Aside from the mythical settings, pretty visuals and mostly throwaway story, Loki plays out much like a standard action-RPG. That's to say, you see an enemy, click on it repeatedly till it dies and rinse and repeat until your fingers are worn down to bloody stumps. The skill trees are governed by which of three (character-specific) gods your hero or heroine is currently worshipping. This system provides you with a decent selection of spells and abilities to choose from - the Aztec's jaguar transformation and spirit-walking being of particular note - with good opportunities for customization. There are notably fewer drops than in most games of this ilk, which thankfully means fewer return journeys to town, and there are some other additions too, which, though helpful, don't really break any new ground.

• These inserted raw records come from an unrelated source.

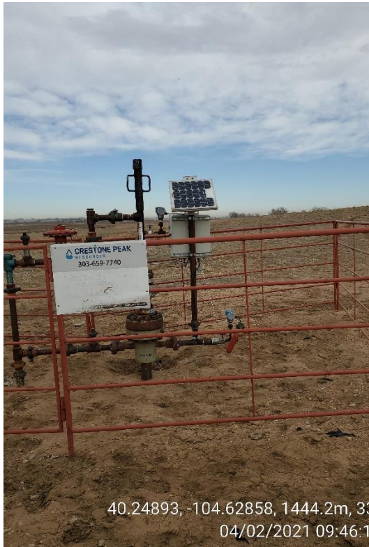
Photo 4 05-123-33027 ARISTOCRAT ANGUS 6-4-2

Location ID, Name: 332594, ARISTOCRAT ANGUS-63N65W 2SWSE
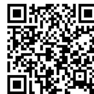
Service tag with QR code

Refer to Service Tag for future Service.
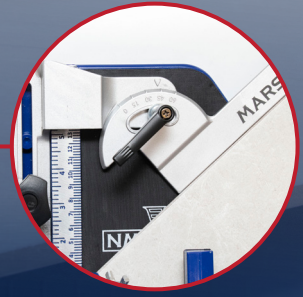
Protractor Gauge for precise angled cuts
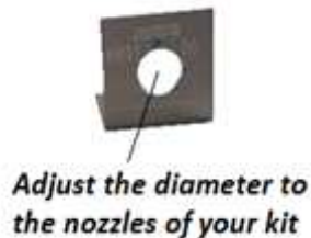
Flat angle bracket
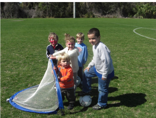
Martin County children enjoying soccer at the event!
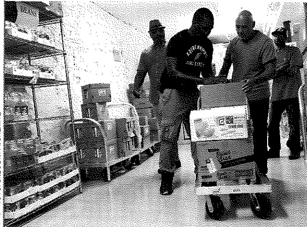
Volunteers organize stock for a distribution hub that helps supply fresh produce and nutritious food to pantries and soup kitchens in underserved areas.

The money you give runs your parish and provides assistance to the poor, both locally and throughout your diocese. Scripture mentions the disciples offering money to meet the needs of the poor. The Catechism of the Catholic Church states: "The faithful also have the duty of providing for the
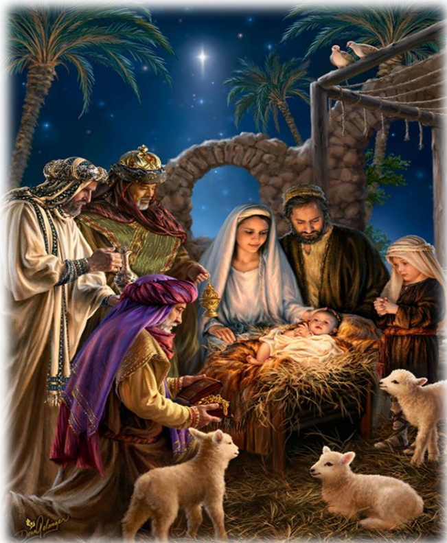
Artwork © Dona Gelsinger

Where Loki should do well is in the online market. With Cyanide putting a lot of effort into this side of things, you can take part in full six-player co-op in the main game, one-on-one and party duels, and challenges where up to six players can take on some of the game's tougher monsters. A full online ranking system and online storage of multiplayer characters are also provided, hopefully deterring some cheaters.
Thanks to its genre and settings, the comparisons with Titan Quest are pretty much inevitable. Although the graphics here aren't quite on a par with TQ's stunning visuals, Loki does score over its rival by offering an adjustable camera, with full pan and zoom. But whereas TQ feels beautifully polished all over, as though a team of dedicated testers has spent years buffing up its mythical carapace, Loki can occasionally feel a little bit rougher round the edges. Creatures sometimes get stuck on scenery, exploding chests often don't show the animation but still play the sound effect, walking in some areas of one level makes the water become static, frame rates suffer a drop in busy areas and we even suffered the odd crash to desktop, too.